Defense mechanisms of horticulture crops against fungal infections

Recent research on defense responses of horticulture crops to fungal infections, novel ways to govern the induction of plant resistance, issues, challenges, and future research objectives have been summarized by scientists from the Chinese Academy of Sciences.

Antimicrobial phytochemicals are crucial elements of plants’ defense mechanisms. Among these phytochemicals, phytoalexins are brought about by outside forces, whereas phytoanticipins are either naturally occurring or growing because of induction.

According to their chemical makeup, antimicrobial phytochemicals are generally composed of phenolics, flavonoids, coumarins, lignins, terpenoids, alkaloids, glucosinolates, and stilbenes.

The secondary metabolites phenols and flavonoids make up one of the most prevalent and diverse categories of phytochemicals. These substances prevent the growth of infections by causing membrane lipid peroxidation, which interferes with the permeability of fungal cell membranes and mitochondrial activity.

Similar to this, terpenoids promote disease resistance while simultaneously inhibiting fungal development. The other phytochemicals also have potent and consistent broad-spectrum antifungal action, indicating that they may one day be used as natural fungicides in place of chemical ones.

Pattern recognition receptors (PRRs) may identify conserved damage-associated molecular patterns (DAMPs) from plants or pathogen-associated molecular patterns (PAMPs) from pathogens and activate pattern-triggered immunity when fungal pathogens breach physical barriers by altering or degrading host cell walls (PTI).

To be identified, nucleotide-binding and leucine-rich repeat (NB-LRR or NLR) proteins and other plant resistance (R) proteins may be able to recognize the effectors or virulence factors that fungal infections release.

Furthermore, effector-triggered immunity (ETI), which is proposed to be an accelerated and amplified PTI response, may result from such recognition. Various NB-LRR genes show distinctive evolutionary patterns in different plant species.

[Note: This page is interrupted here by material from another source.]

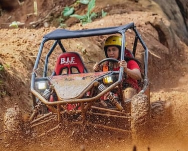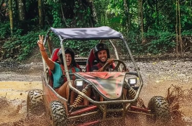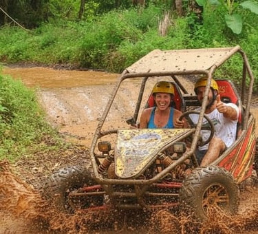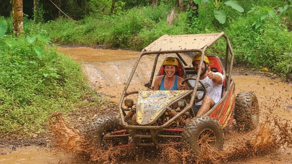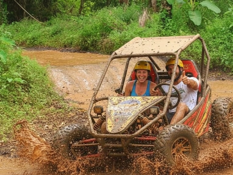 This adrenaline-filled buggy adventure takes you deep into untouched jungle, muddy off-road tracks, dark tunnels, rolling hills, and refreshing river crossings. Feel the power of your off-road buggy as you drive through challenging terrain surrounded by lush rainforest and natural scenery.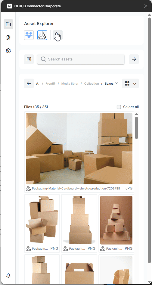 The Asset Explorer is the central hub where you manage, search, and preview assets from your connected integrations. It is designed for quick access and flexibility.

Only a small number of NB-LRR genes have so far been proven to work in response to fungi. Further in-depth research into possible NB-LRRs and their modes of action may significantly increase the effectiveness of our countermeasures against fungi.

Plants have evolved several defense mechanisms, including the hypersensitive response (HR), cell wall modification, stomatal closure, callose deposition, phytoalexin synthesis, and toxin breakdown, to stop the spread of fungal pathogens. Following the induction of local defense reactions, systemic signals may spur resistance in other nearby tissues.

Systemic acquired resistance (SAR) and herbivore-induced resistance can both be created by PTI and ETI by inducing the synthesis and long-distance transport of signaling molecules (HIR).

Salicylic acid (SA) signaling and N-hydroxypipecolic acid, to a lesser extent, are the main mechanisms via which SAR is mediated (NHP). In contrast to SAR, ethylene (ET) and jasmonic acid (JA) control HIR. It is typical and essential for defense responses against fungal infections for SA, JA, and ET to crosstalk, both synergistically and antagonistically.

The environment and food safety are at risk due to the misuse of conventional fungicides and antimicrobial treatments, which have promoted pathogen resistance to these substances.

To meet the needs for the sustainable development of the agricultural business, new approaches to disease management must be created. The most recent research shows that it is both feasible and effective to induce intrinsic resistance in horticulture crops via regulatory components.

There are now more opportunities for crop protection, thanks to the identification of cross-kingdom RNA trafficking. Small RNAs (sRNAs) are effectors that the necrotrophic fungus B. cinerea can create to inhibit host immunity. Through extracellular vesicles, host plants deliver sRNAs to B. cinerea that prevent the expression of genes linked to pathogenicity.

Transferred host sRNAs can either increase or decrease host resistance by being overexpressed or knocked down. Many eukaryotic microorganisms can absorb double-stranded RNA (dsRNA) from the environment with variable degrees of efficiency, and topical administration of dsRNA with high RNA uptake efficiency can significantly reduce the symptoms of plant diseases.

Another effective strategy to promote resistance in horticulture crops may involve modifying regulatory elements that govern mRNA translation. In eukaryotes, upstream open reading frames (uORFs) have a variety of regulatory roles that affect how mRNA is translated. Additionally, CRISPR/Cas9 makes it simple to create transgene-free lines of plants with enhanced features, which has significant implications for agricultural development.

Since uORFs are widely distributed in eukaryotic mRNAs, it is possible to modify these regulatory components to improve broad-spectrum resistance with no negative impact on normal growth, significantly advancing the genetic advancement of horticulture crops.

“Because of the importance of fungal disease in pre- and postharvest loss of horticultural crops, we focused on plant-pathogen interactions and control technology. Moreover, development and application of omics technologies have provided large data sets at multiple levels, which have further broadened insights into the defense responses against fungal pathogens,” Prof. Tian said.

The review report also looked at the limits of earlier research and suggested new lines of inquiry for horticultural crop resistance genetic enhancement.